L'incredibile storia della legge sugli stadi

di MARCO FANES (Il Manifesto 08-09-2012)

In parlamento si aggira una legge fantasma, nata per un'inesistente candidatura italiana ai mondiali e cresciuta fino a diventare un mostro giuridico. È la famosa legge per gli stadi, approvata alla chetichella in sede deliberante dalla camera (cioè direttamente in commissione, senza passare per l'aula) e ora in discussione nella commissione cultura del senato per l'eventuale via libera definitivo.

Secondo Legambiente «questo provvedimento, se approvato, consegnerebbe nelle mani della speculazione qualsiasi area non edificabile dei comuni italiani». Il grimaldello è semplice, e non a caso la norma non ha avuto nessun dibattito pubblico né l'onore della discussione in aula. Le maglie della legge sono larghissime: basta voler costruire uno stadio da 7.500 posti o un palazzetto da 4mila posti coperti per affiancargli «attività residenziali, direzionali, turistico-ricettive e commerciali» in barba a qualsiasi vincolo comunale tranne quello paesaggistico e ambientale. I limiti alle cubature non sportive sono minimi: un «complesso di opere comprendente ogni altro insediamento edilizio ritenuto necessario e inscindibile purché congruo e proporzionato ai fini del complessivo equilibrio economico e finanziario». Gli stadi non dovranno nemmeno essere proprietà delle società sportive e di calcio ma basta che il costruttore dichiari un contratto di cessione o il semplice «diritto d'uso» per cementificare a piacimento. Le procedure, per di più, sono iper semplificate, 11 mesi e lo stadio con annessi e connessi si può fare. «Ma come dimostra la Juventus, non serve una legge per chi vuole fare solo uno stadio», dice Edoardo Zanchini di Legambiente. È evidente che lo stadio è la scusa per costruire altro, magari su terreni agricoli pagati due lire al posto di quelli edificabili acquistati a un prezzo più alto. Non a caso, l'unico gruppo che ha votato contro la legge in commissione alla camera è stato l'Udc, strenuo difensore degli interessi edili di Caltagirone. Perfino l'Idv (caso inedito) ha votato insieme a Pdl, Pd e Lega, perché sia De Magistris a Napoli che Orlando a Palermo vogliono fare stadi e opere annesse con De Laurentiis e Zamparini.
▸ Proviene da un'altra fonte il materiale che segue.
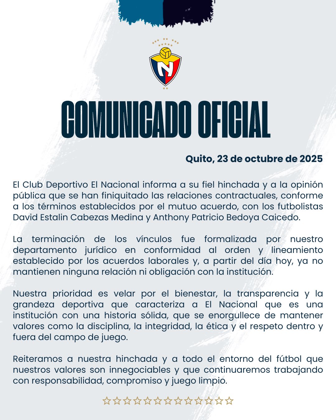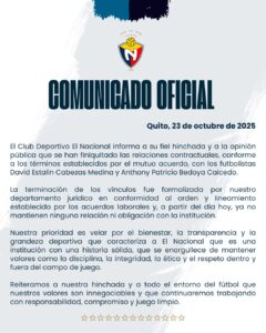 El Club Deportivo El Nacional informó este jueves que los futbolistas David Cabezas y Anthony Bedoya finalizaron sus contratos con la institución tras llegar a un acuerdo mutuo. Según el club, ambos jugadores ya no mantienen ninguna obligación contractual con la entidad.

La questione, come si vede, è spinosa. 1) Schifani deve decidere se coinvolgere anche le commissioni ambiente e lavori pubblici, misteriosamente escluse dal provvedimento. 2) martedì il Pd al senato deciderà il da farsi ed è possibile che alla fine salti almeno la corsia preferenziale e alcune modifiche «ambientaliste» vengano accolte in modo da far tornare la legge alla camera.